Redis ingest is growing faster than pulse:work can keep up with
sts-ryan-holton opened this issue · 5 comments
Pulse Version
1.3.2
Laravel Version
11.36.1
PHP Version
8.3.13
Livewire Version
latest
Database Driver & Version
MySql 8.0.33
Description
Hi, I'm using the Redis ingest stream for my project. I'm observing that the ingest stream in Redis appears to be growing slightly quicker than what the worker can keep up with.

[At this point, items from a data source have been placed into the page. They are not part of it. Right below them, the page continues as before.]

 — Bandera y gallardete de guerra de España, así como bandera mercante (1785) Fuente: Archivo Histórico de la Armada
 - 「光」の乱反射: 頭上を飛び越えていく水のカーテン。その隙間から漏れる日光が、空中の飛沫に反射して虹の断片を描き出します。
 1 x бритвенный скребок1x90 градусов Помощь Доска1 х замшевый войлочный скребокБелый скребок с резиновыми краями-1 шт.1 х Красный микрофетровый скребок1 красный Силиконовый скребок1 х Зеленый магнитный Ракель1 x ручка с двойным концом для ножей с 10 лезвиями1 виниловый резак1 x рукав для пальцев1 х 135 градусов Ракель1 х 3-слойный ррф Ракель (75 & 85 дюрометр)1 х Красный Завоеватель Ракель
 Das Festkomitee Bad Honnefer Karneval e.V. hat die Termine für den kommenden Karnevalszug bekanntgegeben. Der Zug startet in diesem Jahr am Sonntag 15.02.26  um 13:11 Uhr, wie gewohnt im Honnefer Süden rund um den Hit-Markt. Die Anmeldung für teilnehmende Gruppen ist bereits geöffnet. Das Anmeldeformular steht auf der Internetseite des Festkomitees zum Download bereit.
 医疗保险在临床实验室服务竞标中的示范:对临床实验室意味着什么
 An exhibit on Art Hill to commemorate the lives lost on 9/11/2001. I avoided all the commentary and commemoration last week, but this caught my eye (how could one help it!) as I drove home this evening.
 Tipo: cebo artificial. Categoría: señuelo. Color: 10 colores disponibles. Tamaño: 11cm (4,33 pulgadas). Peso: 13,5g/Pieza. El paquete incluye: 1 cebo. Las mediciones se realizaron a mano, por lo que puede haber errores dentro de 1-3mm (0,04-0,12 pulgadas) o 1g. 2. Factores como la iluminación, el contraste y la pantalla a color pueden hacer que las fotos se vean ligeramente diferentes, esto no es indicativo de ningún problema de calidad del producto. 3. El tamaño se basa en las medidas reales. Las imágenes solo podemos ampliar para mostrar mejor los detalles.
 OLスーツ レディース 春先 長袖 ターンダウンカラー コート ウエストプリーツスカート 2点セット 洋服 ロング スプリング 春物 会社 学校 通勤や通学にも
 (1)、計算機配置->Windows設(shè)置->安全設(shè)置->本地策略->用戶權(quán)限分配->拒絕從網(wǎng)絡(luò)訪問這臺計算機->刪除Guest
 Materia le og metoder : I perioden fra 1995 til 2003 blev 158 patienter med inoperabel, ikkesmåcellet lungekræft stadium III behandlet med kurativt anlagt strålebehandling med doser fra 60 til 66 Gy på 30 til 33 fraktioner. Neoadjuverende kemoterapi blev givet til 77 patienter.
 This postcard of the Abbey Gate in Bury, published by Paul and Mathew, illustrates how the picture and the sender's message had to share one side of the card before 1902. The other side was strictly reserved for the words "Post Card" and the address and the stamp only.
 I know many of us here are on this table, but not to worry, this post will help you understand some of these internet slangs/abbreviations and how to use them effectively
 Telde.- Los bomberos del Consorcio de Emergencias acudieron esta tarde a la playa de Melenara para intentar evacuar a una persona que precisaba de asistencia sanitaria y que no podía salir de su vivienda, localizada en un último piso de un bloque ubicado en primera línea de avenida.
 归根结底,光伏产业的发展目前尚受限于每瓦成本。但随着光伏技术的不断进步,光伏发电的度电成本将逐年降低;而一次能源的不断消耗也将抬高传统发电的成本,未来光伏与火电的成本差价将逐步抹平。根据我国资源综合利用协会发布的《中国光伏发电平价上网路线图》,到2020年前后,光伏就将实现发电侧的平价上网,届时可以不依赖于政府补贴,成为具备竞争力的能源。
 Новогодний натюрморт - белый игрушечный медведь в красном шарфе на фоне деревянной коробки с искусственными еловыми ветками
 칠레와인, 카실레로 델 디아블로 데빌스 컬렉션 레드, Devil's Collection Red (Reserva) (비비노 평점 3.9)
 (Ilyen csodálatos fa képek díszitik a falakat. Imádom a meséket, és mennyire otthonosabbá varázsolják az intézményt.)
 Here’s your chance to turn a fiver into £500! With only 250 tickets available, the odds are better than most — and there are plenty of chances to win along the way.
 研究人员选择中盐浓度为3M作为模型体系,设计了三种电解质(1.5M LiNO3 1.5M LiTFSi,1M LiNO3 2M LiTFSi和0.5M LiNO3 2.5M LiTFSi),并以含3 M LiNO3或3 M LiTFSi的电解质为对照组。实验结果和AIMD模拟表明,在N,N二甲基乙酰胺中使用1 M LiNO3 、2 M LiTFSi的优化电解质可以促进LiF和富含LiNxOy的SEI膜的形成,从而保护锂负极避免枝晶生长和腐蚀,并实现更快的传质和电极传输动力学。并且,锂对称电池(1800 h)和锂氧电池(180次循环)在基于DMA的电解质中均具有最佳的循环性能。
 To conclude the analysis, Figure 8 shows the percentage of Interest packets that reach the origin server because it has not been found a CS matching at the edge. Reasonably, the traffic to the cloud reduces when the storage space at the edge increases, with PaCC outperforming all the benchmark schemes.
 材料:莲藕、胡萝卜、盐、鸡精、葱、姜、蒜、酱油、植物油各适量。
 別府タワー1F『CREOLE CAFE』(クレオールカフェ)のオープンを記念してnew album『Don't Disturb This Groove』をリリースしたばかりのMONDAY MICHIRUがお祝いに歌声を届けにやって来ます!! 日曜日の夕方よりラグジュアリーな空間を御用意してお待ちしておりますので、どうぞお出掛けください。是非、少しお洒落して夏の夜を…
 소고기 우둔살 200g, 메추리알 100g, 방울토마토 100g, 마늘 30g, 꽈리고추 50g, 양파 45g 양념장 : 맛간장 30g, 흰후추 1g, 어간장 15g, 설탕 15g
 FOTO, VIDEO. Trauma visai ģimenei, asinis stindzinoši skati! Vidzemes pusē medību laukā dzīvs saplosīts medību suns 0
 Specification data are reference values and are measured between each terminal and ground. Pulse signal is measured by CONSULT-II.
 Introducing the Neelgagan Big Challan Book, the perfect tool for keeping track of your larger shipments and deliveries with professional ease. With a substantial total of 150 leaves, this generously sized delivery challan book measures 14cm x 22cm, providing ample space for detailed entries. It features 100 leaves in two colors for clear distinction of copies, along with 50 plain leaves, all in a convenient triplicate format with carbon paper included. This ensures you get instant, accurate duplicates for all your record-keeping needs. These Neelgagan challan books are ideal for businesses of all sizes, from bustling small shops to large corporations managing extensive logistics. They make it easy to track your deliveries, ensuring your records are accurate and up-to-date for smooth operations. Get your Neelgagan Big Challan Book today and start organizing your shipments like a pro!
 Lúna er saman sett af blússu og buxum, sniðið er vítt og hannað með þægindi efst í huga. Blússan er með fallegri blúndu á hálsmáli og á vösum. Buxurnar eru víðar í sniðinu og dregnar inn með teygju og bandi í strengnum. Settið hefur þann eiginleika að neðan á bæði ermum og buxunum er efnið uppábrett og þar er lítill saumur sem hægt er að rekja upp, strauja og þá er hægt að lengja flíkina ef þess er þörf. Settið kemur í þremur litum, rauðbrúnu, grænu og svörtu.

What can be done to prevent the stream growing excessively and killing a Redis instance by running out of memory whilst still retaining data accuracy?
Steps To Reproduce
What can be done?
Is this a very high-traffic application?
There are a few options:
- Determine if there's a particularly "hot" metric and enable sampling on it, or add an ignore pattern if there's a particularly hot key that isn't worth recording. For most applications, the most active recorder would probably be
UserRequests. The more records you have, the more aggressively you can sample without sacrificing too much accuracy. - Determine if the server running the
pulse:workcommand or the Redis server are consistently under high load and consider increasing their resources. You may want to run thepulse:workcommand on a dedicated server. - Tweak the
pulse.ingest.redis.chunkconfiguration. By default, this is set to 1,000. Thepulse:workcommand will continually ingest this many records from the stream until it gets fewer than this amount from the stream, and then it waits for 1 second before starting again. If you increase the value, then thework:commandwill use more memory but will be able to ingest more records in between each read from the stream, which should increase throughput provided you have enough memory to handle it.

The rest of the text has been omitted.